Tuesday, June 3, 2014

Cushman on Intestate Succession and Polygamous Mormons

Barry Cushman, Notre Dame Law School, has published from his backlist Intestate Succession in a Polygamous Society, published in the Connecticut Law Review 23 (1991).  Here is the abstract:
The pursuit of polygamous unions by members of the Church of Jesus Christ of Latter-Day Saints in nineteenth-century Utah posed challenges for the law of the family unique in the annals of American legal history. The exotic familial relationships generated by plural marriages created novel and peculiar problems for the traditional law of intestacy. Mormon leaders, in an effort to avoid these problems, urged their polygamous brethren to make wills. Many polygamists, however, either neglected to plan their estates or were actively opposed to doing so. Mormon legislators accordingly sought to craft statutory schemes that would accommodate the peculiar inheritance needs of polygamous families. These statutes ultimately became a point of contention between the Utah assembly and Congress; between the Utah assembly and the Utah courts; and, not surprisingly, among the Mormons themselves.

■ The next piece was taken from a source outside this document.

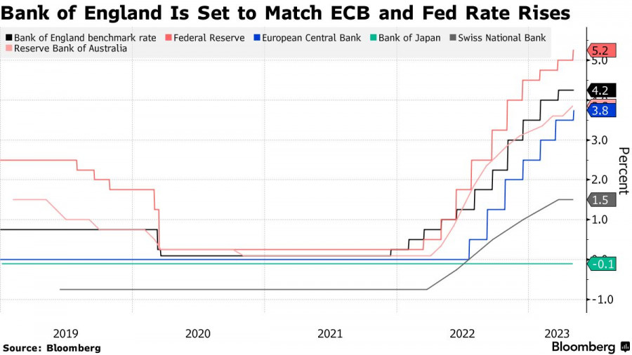 У Банка Англии нет выбораИнстаФорекс - Instaforex, 2 года назад Британский фунт продолжает обновлять месячные максимума, а Великобритания остается последней страной с развитой экономикой, вовлеченной в ожесточенную борьбу с инфляцией. Денежные рынки предполагают, что Федеральная резервная система США сделала все необходимое для стабилизации цен после повышения процентной ставки на четверть пункта в прошлую среду на 5,25%. Аналогичным путем пошел и Европейский центральный банк, сменивший свой агрессивный тон на более мягкий, повысив ставку до уровня в 3,75%. Эти центральные банки уже добились прогресса в борьбе с высокими процентными ставками, тогда как Банк Англии, первым начавший политику ужесточения в декабре 2021 года, пока результатами похвастаться не может. Как ожидается, он повысит ставки на четверть пункта до 4,5% на этой неделе, а затем еще раз в августе, с вероятностью окончательного повышения до 5%. в сентябре этого года. Очевидно, что даже несмотря на более жесткую политику, чем Европейский центральный банк, и более длительную, чем у Федеральной резервной системы, британскому регулятору предстоит еще многое сделать. Трейдеры видят ставки на уровне 5%, так как инфляция по-прежнему выражается двузначными числами. Это сохраняет спрос на британский фунт и придает ему силу, особенно по отношению к американскому доллару, который вот-вот может растерять еще больше позиций, так как Федеральная резервная система готова взять первую паузу в цикле повышения ставок более чем за 1,5 года. Инфляция сейчас представляет большую проблему в Великобритании, чем в других развитых странах. Она выглядит куда более укоренившейся, что создает дополнительную головную больше ни только для центрального банка, но и для всего правительства. Это означает, что денежно-кредитная политика в Великобритании будет и дальше оставаться жесткой, что не вписывается в планы премьер-министра Риши Сунака по стимулированию экономического роста и поддержке населения. Как отмечают некоторые экономисты, неудачная исключительность Британии хорошо задокументирована. Великобритания пережила сочетание острой нехватки рабочей силы в США и шока цен на энергоносители в Европе. Разница сейчас в том, что напряженность на рынке труда в США ослабевает, а цены на энергоносители в Европе падают, тогда как проблемы в Великобритании остаются на прежнем месте. Великобритания сейчас находится в исключительно опасном положении: общая инфляция потребительских цен выражается двузначными числами, на уровне 10,1%, что в пять раз превышает его мандат. И все это происходит при процентных ставках, которые близки к уровню в 5,0%. По прогнозам экономистов, в ближайшие месяцы мы можем увидеть снижение инфляции на 2 процентных пункта, а на еще один процентный пункт инфляция просядет в июле. Но и этого будет крайне недостаточно, чтобы думать о смягчении денежно-кредитной политики, так что у британского фунта есть хорошие шансы продолжить рост. Вместе с этим базовые показатели дают более четкий сигнал о долгосрочном ценовом давлении. Базовая инфляция составляет 6,2% в Великобритании и в Британии продолжает иметь место проблема роста заработной платы, которая стимулирует инфляцию и еще больше укореняет ее в экономике. По последним данным средней недельный заработок в Великобритании уже вырос на

This dispute between Congress and the Utah legislative assembly was ancillary to the larger dispute between those two bodies over polygamy in general. The federal government had never looked favorably on plural marriage. In 1862, Congress made polygamy a felony in the territories, while the Justice Department initiated vigorous prosecution of offenders. In 1882, Congress disfranchised and disqualified from public office all polygamists and their wives. A congressional act of 1887 revoked the Mormon Church's corporate charter, confiscated much of the Church's property, and disfranchised all Utah women. Additionally, Utah was repeatedly denied statehood status due to the Church's refusal to repudiate the doctrine of plural marriage.

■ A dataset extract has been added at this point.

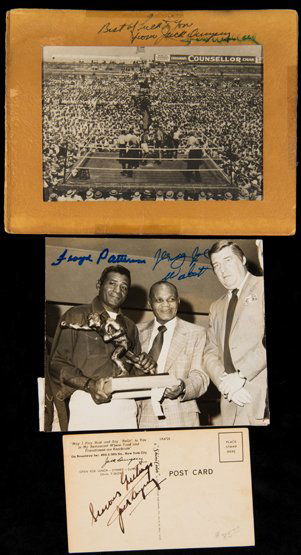 AMERICAN BASKETBALL AUTOGRAPHED PHOTOS AND 1997 TICKETS2 days LeftLot of 2 1996 Topps Mickey Mantle Commemorative Set Reprints. Different, See PicturesFeb 20, 2026AMERICAN ELVIS PRESLEY VINYL RECORD AND POSTAGE STAMPS2 days LeftGeorge Kalinsky (1936-2025): Joe Frazier: Three Photographs[one 1972]Muhammad Ali Cassius Clay Signed Framed 8x10 Photo with JSA AuthenticationFeb 20, 2026Rocky Marciano and Ezzard Charles Analog Black and White Photograph Print Boxing PhotoMar 09, 2026Jack Dempsey Signed Vintage New York Postcard PSA AuthenticatedFeb 25, 2026Muhammad Ali Signed Framed 8x10 Photo Display with COA and 2 Unsigned Photos2 days LeftMuhammad Ali Hand Signed 8x10 Photo with 3 Unsigned Photos JSA Authenticated Framed DisplayFeb 24, 2026Boxing Action Analog Photograph Joe Louis and Jersey Wolcott A Hard BlowFeb 23, 2026Rocky Marciano and Ezzard Charles Analog Photo Print Action Boxing Black and White PhotographMar 09, 2026Jackie Robinson Signed 1939 Pasadena City College Yearbook 6 Authentications JSA5 days LeftMuhammad Ali Signed 11x14 Photograph PSA/DNA AuthenticationFeb 23, 2026Floyd Patterson vs. Ingemar Johansson Knockdown Black and White Boxing Analog Photograph PrintMar 09, 2026Muhammad Ali Signed 11x14 Photograph PSA/DNA AuthenticationFeb 20, 2026George Kalinsky (1936-2025): Muhammad Ali: Three Photographs

During Utah's territorial period, the great majority of its judges were federally appointed. Given the federal government's devotion to the eradication of polygamy, it is not surprising that many of the judges appointed to the Utah bench were hostile to plural marriage. This hostility was occasionally manifested in cases involving the estates of intestate polygamists. Ironically, when Utah finally achieved statehood, the plural families of polygamist decedents fared no better under an elective state judiciary than they had under its territorial predecessor.

But the Utah courts would never have had occasion to hear these cases had they not been litigated among the Mormons themselves. For much of the territorial period, such disputes had been handled by the Church's system of ecclesiastical courts. By 1890, however, Mormon society had undergone transformations that had diminished the viability of the theocratic commonwealth and of polygamy as an institution. The history of the law of intestacy in Utah during this period serves as a small illustration of the demise of a way of life.